From Dell and Hewlett Packard Enterprise (HPE) alone, their combined AI server revenue increased from $1.2 billion in 4Q23 to $4.4 billion in 3Q24. This represents only a portion of the total market, as other vendors including NVIDIA, Supermicro, Lenovo and Penguin Computing have not published specific data on their AI server sales.
While revenues leveled off from 2Q24 to 3Q24, TBR expects demand to spike again once new server models are ready to ship with NVIDIA’s latest GPU.
NVIDIA’s H200 GPU, announced in November 2023, has had huge success reaching quarterly revenues in the tens of billions of dollars in 3Q24 and being deployed in data centers by all of the Big Three public cloud providers. A single AI server can use between one and eight H200 GPUs, demonstrating that the total infrastructure market opportunity will be many multiples in size.
In addition to server demand, AI use cases prompt the need for complex networking systems, storage equipment and all services. AI infrastructure vendors will need to capitalize on this broader opportunity to help support margins as the high volume of AI servers sold has negatively impacted profitability. Much of this ability to improve margins relies on increased enterprise adoption of AI infrastructure, as the cloud service provider customer base is more cost competitive.

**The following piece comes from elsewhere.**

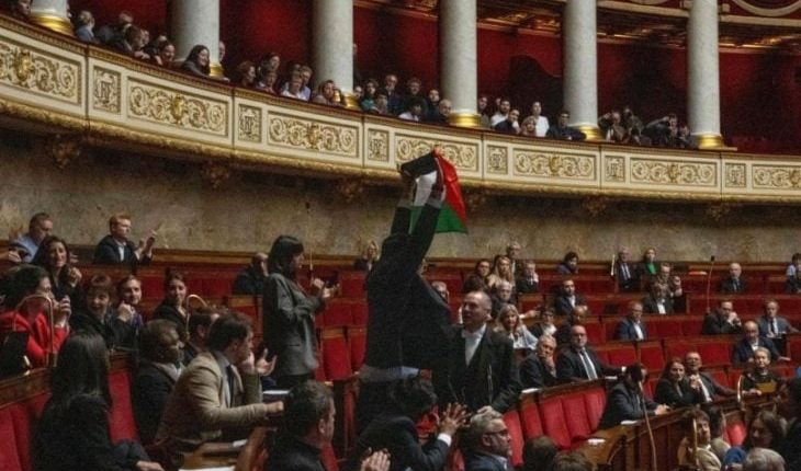شبكة الشرق الأوسط نيوز : خلال جلسة عامة للجمعية الوطنية الفرنسية، قام النائب البرلماني عن حركة “فرنسا الأبية” اليسارية الراديكالية سيبستيان دلوغي برفع علم فلسطين رداً على ما يحدث في غزة، في خطوة قابلتها رئيسة الجمعية الوطنية المنتمية لمعسكر الرئيس إيمانويل ماكرون، يائيل برون-بيفيه، التي لا تخفي دعمها لإسرائيل، بتعليق الجلسة، قبل أن تتم لاحقاً معاقبة النائب البرلماني المعني، وسط جدل مستمر حول هذه الحادثة.

PC OEMs and other ecosystem players are bullish on the opportunity presented by the advent of AI PCs, especially as new x86-based AI PC chips come to market
While TBR believes the ongoing rise of GenAI will continue to have more profound impacts on devices-adjacent technology markets, PC OEMs and other devices vendors across the industry are modifying their go-to-market strategies to align with evolving AI-driven market dynamics while also investing in the development and integration of AI-enabled capabilities and components to strengthen portfolio offerings.
For example, over the last several quarters PC OEMs, including those outside the Windows ecosystem, have increasingly invested in the development and marketing of machines powered by PC silicon offerings featuring a neural processing unit (NPU). The NPU is a dedicated chip component meant to accelerate and optimize certain AI workloads by offloading them from other compute-oriented components, like the CPU.
Despite Apple M Series chips having featured NPUs since their inception in 2020, silicon offerings featuring onboard NPUs for Windows-based machines first came to market in 2023. This development paved the way for the introduction of the AI PC, and despite the definition of an AI PC varying between OEMs and silicon platform providers, there is consensus that for a PC to be considered an AI PC, it must be equipped with components specifically designed to enable local AI acceleration.
As PC OEMs await the ramping of the next major PC refresh cycle, they are encouraged by the opportunities presented by the new AI PC category. The richer configurations of AI PCs support PC premiumization while new, albeit limited, AI features and capabilities are expected to drive increased advisory and professional services engagements as well as third-party software sales. However, TBR expects the lack of killer apps for the AI PC to continue to throttle the first wave of AI PC adoption, despite chip makers like AMD, Intel and Qualcomm all bringing more powerful AI PC silicon to market.